A lot of New Zealanders are sold their first insurance policy by their bank. It is good to have cover where none was before, and a big attraction for many of these clients was convenience: they usually filled in short forms and got cover without medical tests or exams.
But the trade-off is generally more limited cover and an opportunity to improve on it if they take the time to get good advice and submit to more extensive underwriting. Here are the main issues:
- Pricing. Not all bank cover is cheaper. In fact according to the Consumer magazine survey every single bank life cover offer could be bettered by a product sold by advisers. So much for the cost savings of direct. In some respects this is inevitable: pricing reflects how extensive underwriting is, and most bank cover is designed to be easy to apply for.
- Exclusions. Only ASB’s and Westpac’s cover is the equal of intermediated products – the others all include additional exclusions, most of which have long been erased from the products you sell. These extra exclusions include the ambiguous exclusion for participation in an unlawful act, which causes advisers to speculate on the treatment of a client killed while drink-driving, for example.

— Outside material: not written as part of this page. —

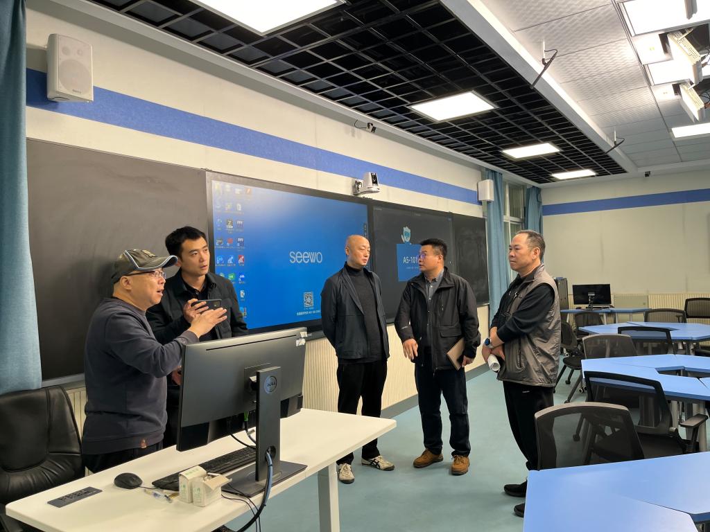 路华清对王涛一行的到来表示热烈欢迎。双方先后介绍了各自学校信息化建设的相关情况。随后,双方实地考察了我校直录播教室、精品录播教室、艺术学院智慧琴房、中心机房,并就教室建设、课程资源建设、教学平台建设、教育数字化转型、人工智能应用、本科教学审核评估等方面的经验和做法进行了深入交流探讨。
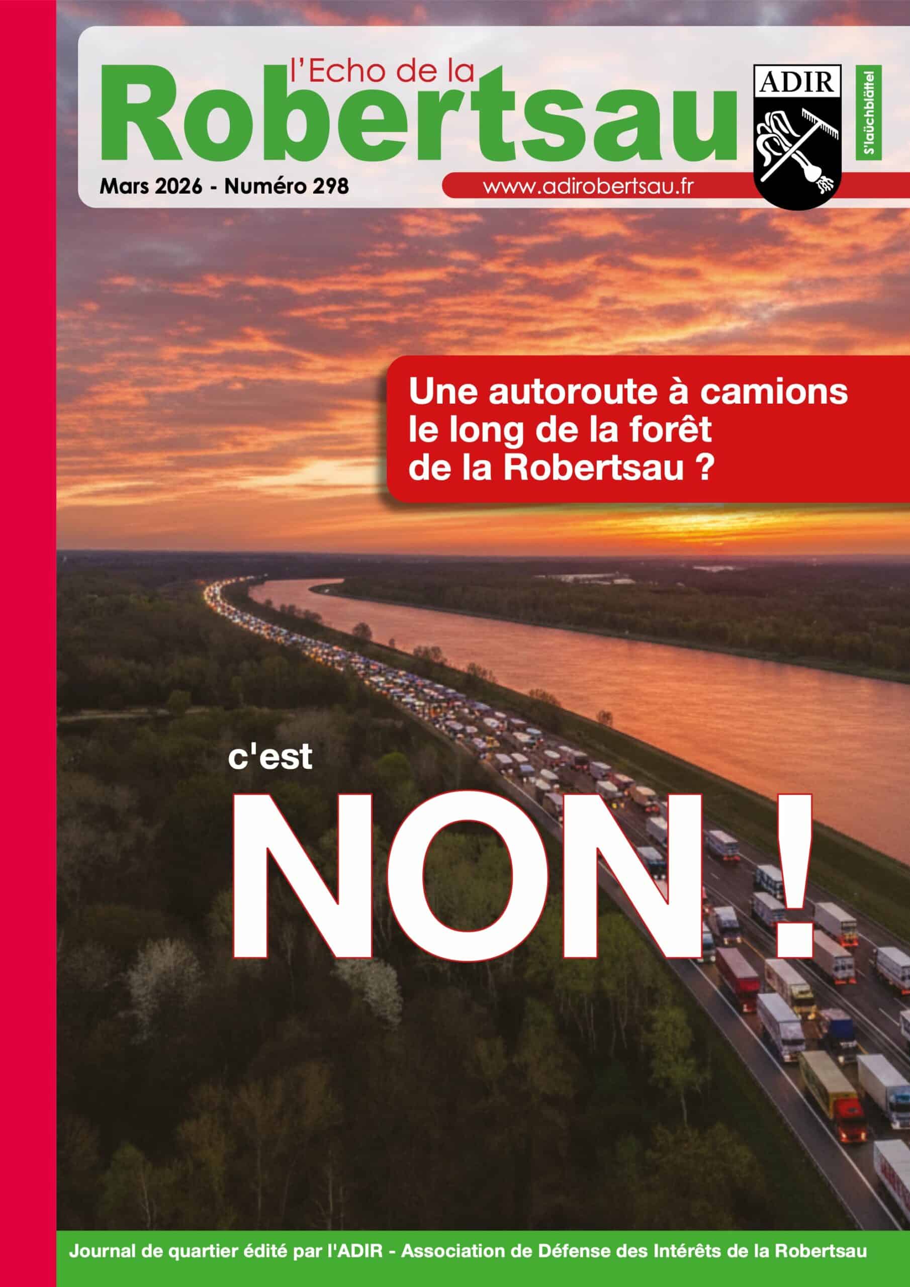 Mais là, où l’on voit rouge c’est que Catherine Trautmann n’a toujours pas renoncé à son projet d’autoroute à camions entre la forêt de la Robertsau et le Rhin. C’est le dossier en Une de l’Echo de la Robertsau. Déjà en 2020, elle déclarait :

- Increasing Cover Options. Special events increase in cover options can allow clients to as much as double their sum insured without medical evidence based on common family, work, and financial events. Provided they, or you, remember to take advantage of the features. ASB is the only bank product to have a special events increase option as good as most advised products. Kiwibank’s is a runner up. Of course you can improve on both of them if you are very fussy about SEOs, but an honourable mention must be made of KiwiBank’s high maximum age to exercise the option – higher than many advised products, so check the exercise age limits on yours – they can cut out clients as young as age 50.
- Upgrade policy wordings. Five out of eight advised companies commit to upgrades in their policies. Only one out of five bank products do the same – that’s ASB again.
- More features: As insurers that distribute through advisers have had to continually fight to find a way to get your attention they have added many features that you may not find present in bank products – take the commitment to pay financial planning and legal costs for example.
That list is just life cover. Income protection and Trauma policies yield even sharper differences, of course.